Amyloid beta is one of the toxic proteins which builds up in clumps or ‘aggregates’ in the brains of people affected by Alzheimer’s.
Several drugs targeting the protein have been tested in trials over recent years. These drugs are antibodies that bind to the amyloid beta and facilitate its clearance from the brain, but exactly how this occurs is not yet known.
Using new highly sensitive methods, scientists have detected and visualised amyloid beta protein bound to anti-amyloid drugs in the lab.
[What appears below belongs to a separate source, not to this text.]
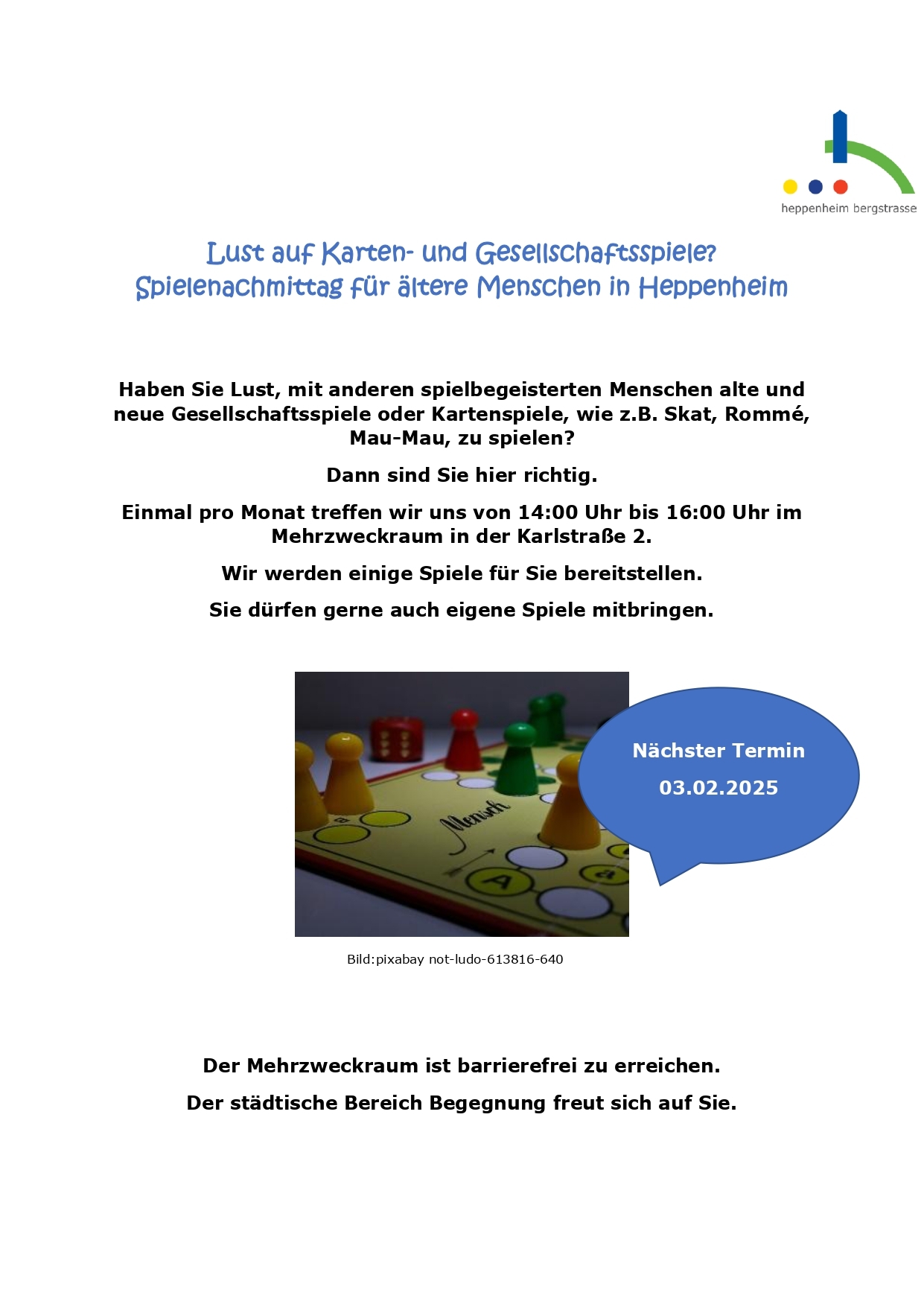 Lust auf Karten- und Gesellschaftsspiele? Spielenachmittag für ältere Menschen in Heppenheim
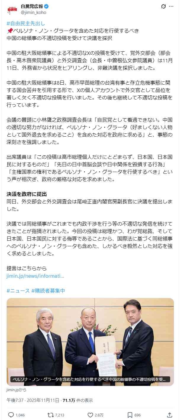 【サナ悲報】自民党「ペルソナ・ノン・グラータを含めた対応を行使するべき」中国の総領事の不適切投稿を受けて決議を採択

They found that lecanemab performed best in binding to small oligomeric forms of the amyloid protein, suggesting a working mode for treating people in the earlier stages of Alzheimer’s. This suggests that it is best used as early as possible in the disease progression.
The study, led by a group of researchers with diverse scientific backgrounds, including neuroscientists and chemists from the UK Dementia Research Institute (UK DRI) at the University of Cambridge, the UK DRI at UCL, and the VIB-KU Leuven Center for Brain & Disease Research, reveals insight into how four different anti-amyloid drugs interact with amyloid beta protein.
Scientists say the research, published in the journal Alzheimer’s & Dementia and funded by the UK DRI, explains why the different treatments have had varying levels of success in clinical trials.
In the study, scientists compared four different anti-amyloid drugs: lecanemab, donanemab, aducanumab and gantenerumab. They generated model protein aggregates in the lab, and also tested real aggregates taken from the brains of people who had died with Alzheimer’s.
Aducanumab was first approved by the US Food and Drug Administration (FDA) in 2021, but was discontinued in 2024.
Lecanemab and donanemab were approved by the UK’s safety regulator the MHRA in 2024, but are not currently available on the NHS, amid discussion about their cost-effectiveness. In trials, both drugs were reported to slow cognitive decline by around 30%.
Testing of gantenerumab was halted in 2022 after it showed no clinical benefit in phase 3 trials. It is now being optimised and rebranded as trontinemab.
Using a new technique pioneered at the UK DRI at Cambridge, the scientists were able to visualise the size of protein aggregate each drug preferred to bind to, and how strongly each drug binds to aggregates.
The highly sensitive technique allowed the researchers to detect different sizes of soluble aggregate – from larger clumps of protein, down to very small aggregates.
In Alzheimer’s, a misfolded, sticky form of amyloid beta protein first groups together into small, soluble clumps called oligomers. Oligomers group together in turn to form fibrils, which then give rise to insoluble amyloid plaques. Scientists don’t yet know which form of amyloid is most damaging to cells, but there is evidence to suggest the smaller, soluble oligomers may be most toxic.
The research team found that lecanemab binds strongly to a subset of small soluble aggregates that form early on in disease. They also found that lecanemab could bind at more sites per aggregate, allowing the drug to more effectively coat the toxic protein, making it more likely to be cleared.
Whereas aducanumab and gantenerumab bind with a lower affinity to larger aggregates that form later in the disease progression. Their results for donanemab showed no binding to the soluble aggregates, suggesting that it preferentially binds to larger insoluble aggregates known as ‘plaques’, which form in the spaces between nerve cells.
Further studies are needed to understand the impact of the drugs against insoluble aggregates.
Moving forward, the researchers hope their technique can be harnessed to test new and emerging therapies before they are rolled out into human trials and offer key insight into how drugs work.